Personal information
- Full name: Cassiano Schalch Leal
- Nationality: Brazil
- Born: 31 December 1971 (age 54) Piracicaba, São Paulo, Brazil
- Height: 1.87 m (6 ft 2 in)
- Weight: 82 kg (181 lb)

Sport
- Sport: Swimming
- Strokes: Freestyle

Medal record
Men's swimming
Representing Brazil
World Championships (SC)
| Bronze medal – third place | 1993 Palma | 4×200 m free |
| Bronze medal – third place | 1995 Rio de Janeiro | 4×200 m free |
Pan American Games
| Silver medal – second place | 1991 Havana | 4×200 m free |
| Silver medal – second place | 1995 Mar del Plata | 4×200 m free |

= Cassiano Leal =

Brazilian swimmer (born 1971)

Cassiano Schalch Leal (born 31 December 1971 in Piracicaba, São Paulo) is a former international freestyle swimmer from Brazil.

At the 1991 Pan American Games, in Havana, Leal won the silver medal in the 4×200-metre freestyle.

Leal was at the 1993 FINA World Swimming Championships (25 m), in Palma de Mallorca, where he won the bronze medal in the 4×200-metre freestyle, along with José Carlos Souza, Teófilo Ferreira and Gustavo Borges (breaking the South American record with a time of 7:09.38). He also finished 14th (6th in the B final) in the 400-metre freestyle, with a time of 3:52.47.

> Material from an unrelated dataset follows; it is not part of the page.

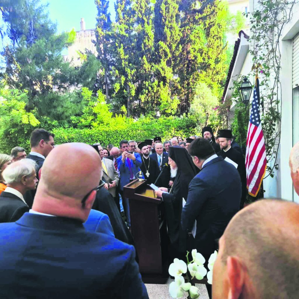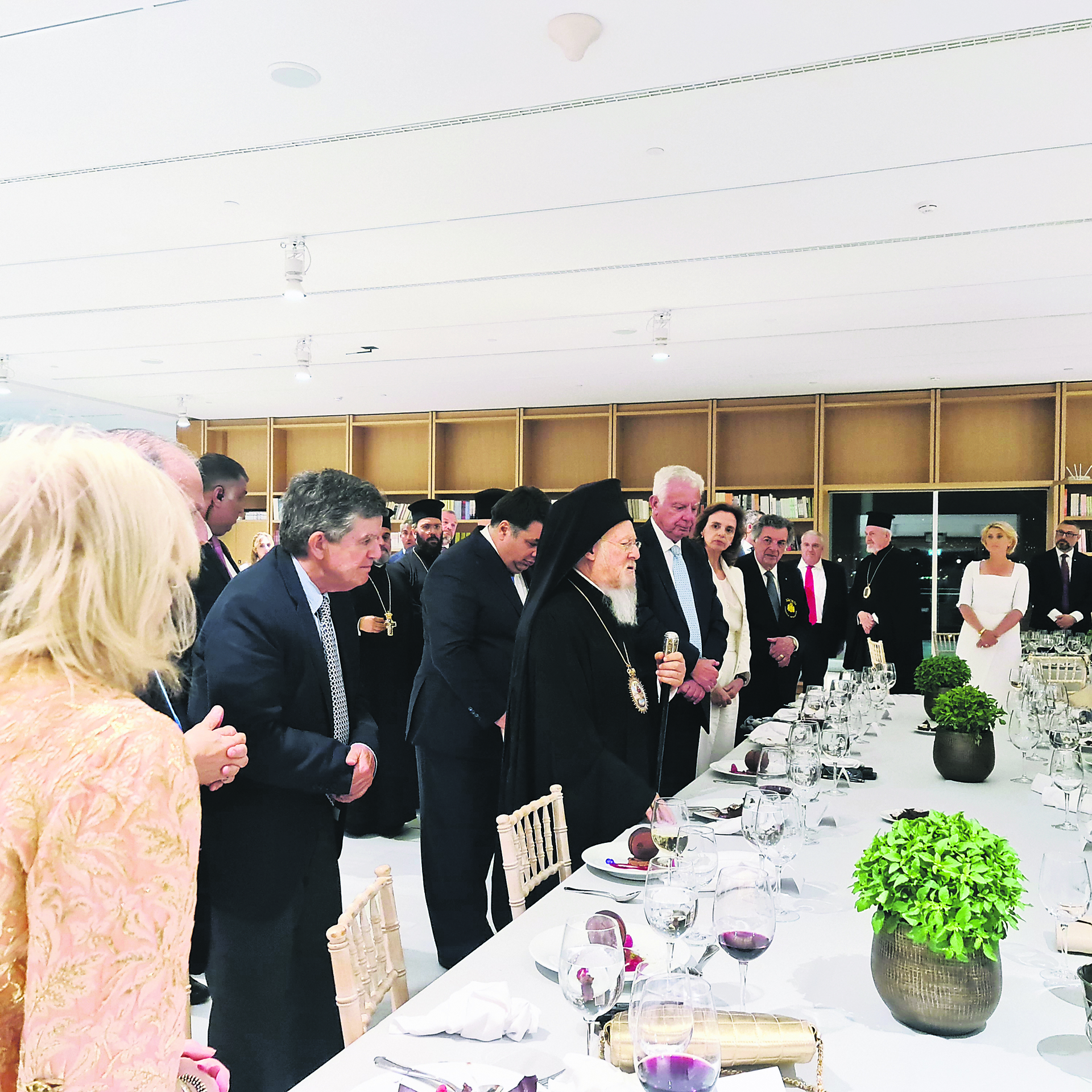 Αψογος οικοδεσπότης αποδείχθηκε ο πρέσβης Τζορτζ Τσούνης, ο οποίος χαιρέτησε προσωπικά σχεδόν όλους τους καλεσμένους και δεν αρνήθηκε μια φωτογραφία σε όσους τον πολιορκούσαν, μιλώντας τους πολλές φορές στα ελληνικά. Οταν η δίωρη δεξίωση ολοκληρώθηκε και οι κήποι άδειασαν, o Οικουμενικός Πατριάρχης και ο πρέσβης κατευθύνθηκαν προς το Κέντρο Πολιτισμού Ιδρυμα Σταύρος Νιάρχος, όπου παρατέθηκε και δείπνο προς τιμήν του κ. Βαρθολομαίου στο εντυπωσιακό Lighthouse του 8ου ορόφου σε στενότερο κύκλο.

At the 1995 Pan American Games, in Mar del Plata, Leal won for the second time the silver medal in the 4×200-metre freestyle. He also finished 4th in the 200-metre freestyle, and 6th in the 400-metre freestyle.

Participating at the 1995 FINA World Swimming Championships (25 m), in Rio de Janeiro, Leal won again the bronze medal in the 4×200-metre freestyle, now along with Fernando Saez, Teófilo Ferreira and Gustavo Borges.

He participated at the 1996 Summer Olympics, in Atlanta, for his native country. His best and only result in Atlanta, Georgia was the 10th place in the Men's 4×200-metre freestyle.

Leal participated at the 1999 Pan American Games, in Winnipeg, where he finished 10th in the 400-metre freestyle.